Hier on s’apercevait que les exécutions et tortures sur la place publique étaient des pratiques sadiques, aujourd’hui l’homme sait que l’animal a aussi une sensibilité et peut souffrir autant que lui, mais combien de temps faudra-t-il encore pour que l’humanité mette un peu d’humanité dans son rapport avec l’animal. À quand la fin de ces spectacles crétins et de la consommation de viande ?


sophie des noisettes
22 avril 2010 - 0 h 00 min

En effet,l’ élévage industriel conduit à une incommensurable souffrance ,mais il ne se masque pas derrière des pseudo art, bravoure, culture,amour,etc…
La corrida conduit à une incommensurable souffrance qu’ on tente de déguiser en art,bravoure, amour(!), respect(!!), etc…
Le côté totalement immoral des corridas( faire d ‘un animal supplicié une fête joyeuse )ne se trouve , heureusement, pas ds l’ élevage industriel .
@Flore: les anti-corridas se battent évidemment aussi contre toutes les maltraitances,dont celles de l’ élevage, transport et abbatage. Si la cause animale vous interpellait vous le sauriez…


fée
22 avril 2010 - 0 h 00 min

Si nous vivions dans une société civilisée et non primitive comme c’est actuellement le cas nous n’aurions même pas à nous poser la question si les animaux connaissent la même souffrance que les humains. Pas besoin de travaux universitaires ni de débats spéciaux: il suffit d’observer le comportement de « nos amis les bêtes » au quotidien.
Nous sommes éloignés des réflexions les plus élémentaires selon le motto: »plus l’intellect est grand plus le coeur est petit ».
Nous expérimentons l’époque des idiots savants.
Lueur à l’horizon: de plus en plus d’humains – surtout les enfants – s’éveillent à une autre éthique.


nicolekretchmann
25 avril 2010 - 0 h 00 min

lors d’un Festival de la terre où j’intervenais, j’ai parlé avec sept farouches opposants à la corrida.
Mon étonnement fut grand d’apprendre que seule une personne était végétarienne !


totov
25 avril 2010 - 0 h 00 min

Comme le dit le message précédent, c’est bien beau de critiquer la corrida et de manger de la viande ….. je ne mange pas de viande, je ne suis pas contre la corrida!

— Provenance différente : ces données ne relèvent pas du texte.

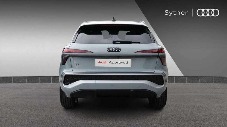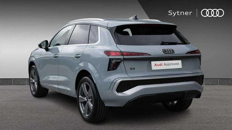 Adaptive cruise control, Audi connect emergency call and service, Audi connect remote and controls, Audi drive select (Balanced/Individual, effeciency, comfort and dynamic), Audi virtual cockpit plus - 11.9" display, Bluetooth interface, Camera based traffic sign recognition, Driver attention and fatigue monitor with driver monitoring, Front cross traffic assist, Lane departure warning with emergency assist, Panoramic curved display with 12.8" MMI navigation plus and MMI touch, Park assist plus with parking system and 360 display, Phonebox light with wireless charging, Reversing camera, Smartphone interface includes wireless Apple carplay/Android Auto, Start/stop system, Swerve assist and turn assist, Traffic sign based speed limiter, Voice control system with natural language interaction, Comfort suspension, Petrol Particulate Filter, 2 USB-C ports with charge and data functions, Audi sound system with 10 loudspeakers, subwoofer, 8 channel amplifier with 260 watts, DAB digital radio module, Acoustic glass for front door windows, Acoustic windscreen, Aluminium roof rails, Aluminium window trim, Audi Q3 lettering on the B-pillars, Auto dimming door mirrors, Auto dimming rear view mirror, Body colour door mirrors, Contrasting finish in volcano grey, Electrically folding, adjustable and heated door mirrors with integrated LED side indicators and kerb view function for passenger side, Full paint finish, Illuminated door sills with aluminium inserts at the front with S logo, LED daytime running lights, LED headlights plus with LED rear lights pro with continous light strip, illuminated Audi rings, rear, LED third brake light, Loading sill protector in stainless steel, Main beam assist, Privacy glass - dark tinted rear window, rear door and side windows, Projection light in the exterior mirrors - Projects a graphic element onto the ground, Q3 badging on the rear, Rain and light sensors, Rear side wing doors, Rear window, rear door windows and rear side windows in clear glass, Rear wiper, Sports bumpers, 3 seat bench in 2nd row, 3 spoke flat top and bottomed leather multi function sport steering wheel with gear shift paddles and "S" badging, 3-zone deluxe automatic air conditioning, 4 way lumbar support for the front seats - electric with horizontal and vertical adjustment in four directions, Black cloth headlining, Front and rear floor mats, Front and rear headrests, Front centre armrest, Heated front seats, Height and reach adjustable steering wheel, Interior storage compartment, Leather/artificial leather upholstery combination with S emblem + front sports seats, Luggage compartment lid, electrically opening and closing, Manual front seats with height adjustment, Rear seat bench plus with split folded 40:20:40, Single front passenger seat, Stainless steel pedals, Steering wheel operating unit, gloss black, Storage compartment in front centre console, Ambient lighting package pro - Q3, S line exterior styling pack - Q3, 3x3 point rear seatbelts, Convenience key with safelock, Driver and front passenger airbag with passenger airbag deactivation, Electromechanical parking brake, Electronic stabilisation control including ABS, ASR and EDL, First aid kit with warning triangle and high visibility vests, Front emergency brake assist, Hill hold assist, i - Size child seat mounting on the front passenger side and i - Size and top tether on the outer rear seats, Power operated child locks, Seatbelt monitoring, Three point automatic belts with belt tensioner and height adjustment, Tyre pressure loss indicator, Anti theft wheel bolts, Remote central locking, Thatcham approved category 1 anti theft alarm, Dark aluminium divergence inlay, Interior elements in dinamica microfibre, Interior trims in aluminium look, Tool kit and Jack,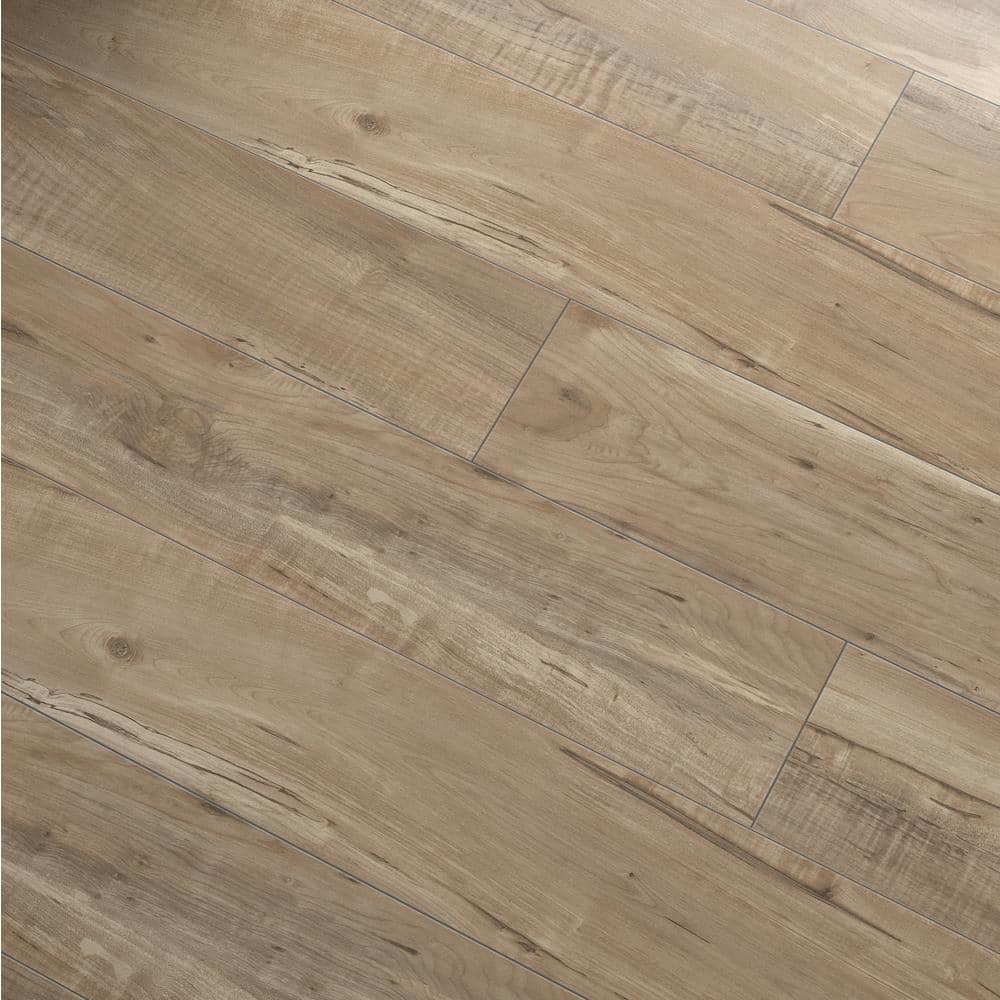 Elevate your spaces with the Krono Original Hampshire Spalted Maple Laminate Flooring. This 12 mm thick plank features a rare spalted maple design with a muted sandy tone, combining style and durability with waterproof protection. It's perfect for high-traffic areas and homes with kids and pets, offering easy maintenance and installation.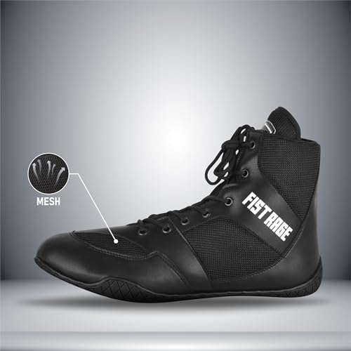 More information about FISTRAGE Boxing Shoes Lightweight Microfiber Leather Kickboxing Training and Fighting Boots Pro Fighters with Mesh and Rubber Sole for Extra Grip - Ventilated Design - Men, Women, Kids Sizes Along With Sting Bag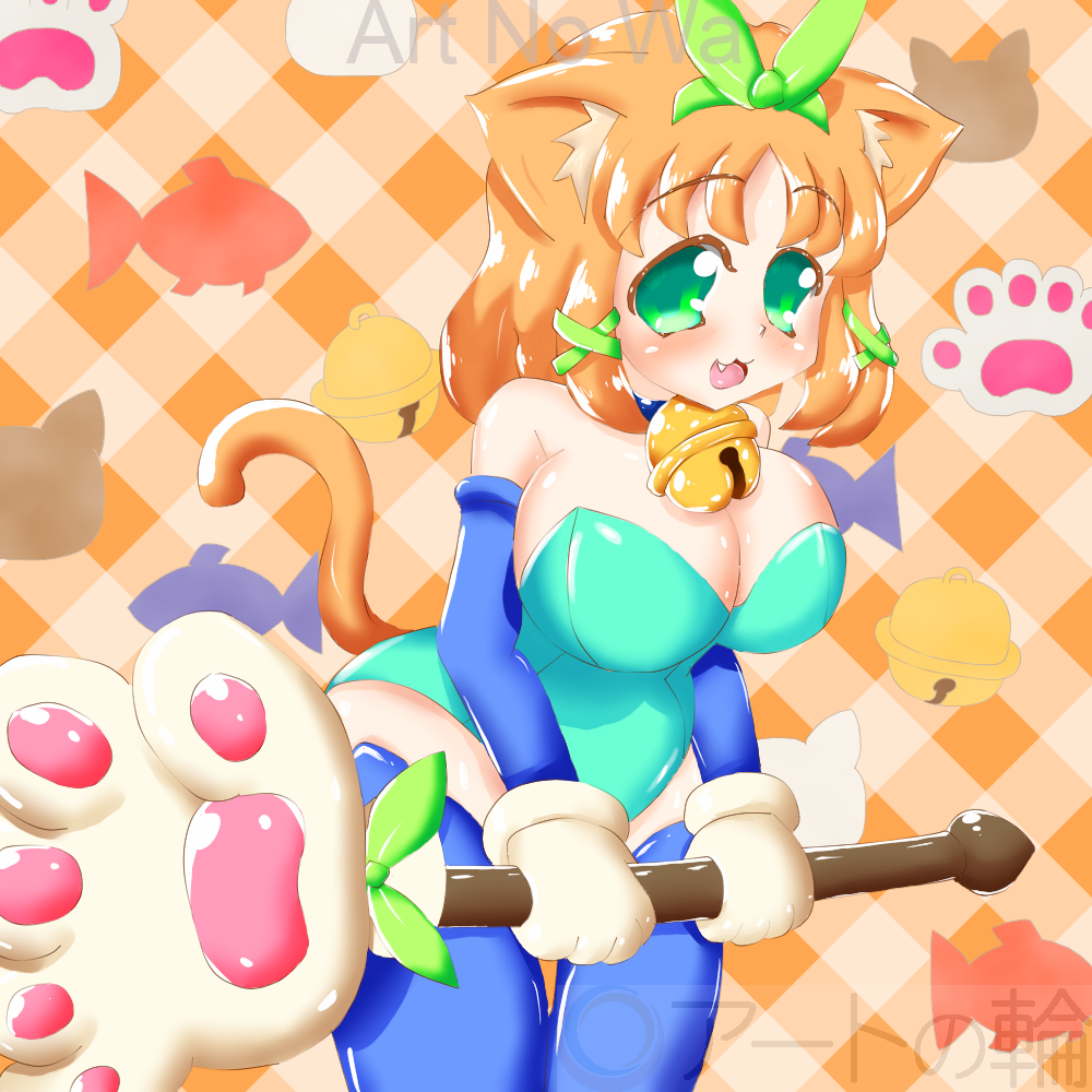 肉球型のステッキを持っている猫耳少女です。

Cela fait vivre des races locales immensément anciennes, cela entretien des espaces naturels, c’est probablemene une réniniscence d’antiques défis aux animaux sauvages, c’est un hymne à leur puissance et leur force! Si vous n’aimez pas vous y allez pas, mais laissez ce culte historique et ne mangez pas de viande ni hallal ni cachère ni bio …. ça cela fera avancer la durabilité de la socièté.